The infamous BSOD, or "Blue Screen of Death" is a serious issue, also known as a "Stop error." When your computer encounters a serious problem, Windows will stop working to prevent any damage to your computer, operating system or other software. The majority of blue screen crashes are caused by faulty drivers or hardware. Although there are numerous possible reasons for a blue screen crash overall, carrying out the following tasks will get rid of many of them.

1 - Use System Restore
The most effective way to deal with most system failures is to consider what happened between when the computer was working perfectly and when it started to crash. Did you install an update driver, a new hardware device or a Windows Update? If you made a significant change such as either of these, then it is most likely that this caused the problem.
Using system restore will restore your computer to an earlier point in time. Type "System Restore" into the start menu search box and press Enter. Restore your computer to the most recent time when it was running without issues.
Alternatively, you can start up your computer using the last known good configuration. This option will typically appear on the boot screen when you attempt to start Windows after a crash.

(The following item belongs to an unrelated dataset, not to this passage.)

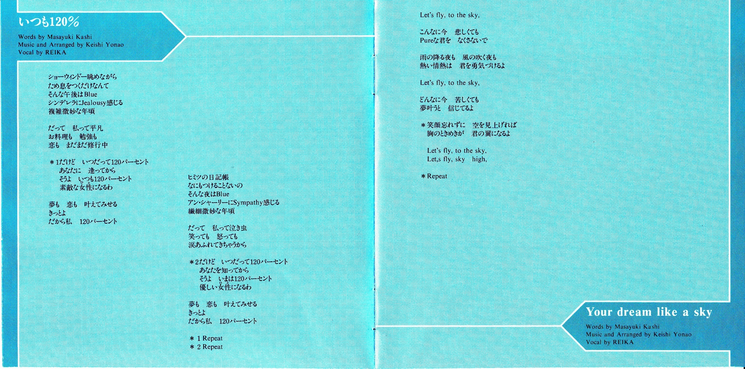 Words by Masayuki Kashi (1, 3, 10), REIKA (6, 8)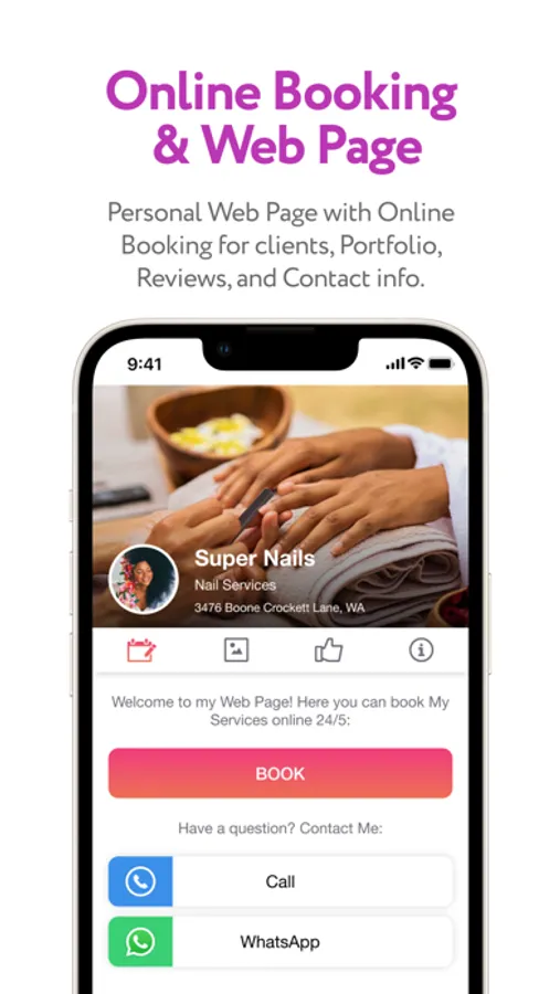 Personal Web Page with Online Booking for clients, Portfolio, Reviews, and Contact Info.

2 - Boot Up into Safe Mode to Fix Problems
Starting up Windows in safe mode prevents any non-essential drivers or services from starting up, allowing you to solve problems through trial and error. Restart your computer and press F8 on your keyboard before the Windows boot screen appears. From the advanced startup menu, choose "Safe Mode with Networking." Windows should start up in safe mode with the Internet still enabled.
In safe mode, thoroughly scan your computer for malware using an up-to-date antivirus program. When you've done this, run Windows Update and install all critical and recommended updates.
Finally, open your start menu and click "Computer." Right-click on your primary hard drive (the one Windows is installed on) and click "Properties." Click the "Tools" tab and, under the "Error-checking" section, click "Check now." Windows will scan your hard disk for errors when you restart the computer.

3 - Change BIOS Settings Back to Default
If you have made any changes in the system BIOS, this may be a cause of the blue screen crashes. If you have done anything like change memory timings, overclocked the processor or changed any other advanced system settings, then revert your BIOS back to default factory settings. If you can't remember how to access the BIOS, it is usually accessible by pressing "del" or "F2" on your keyboard before Windows starts to load.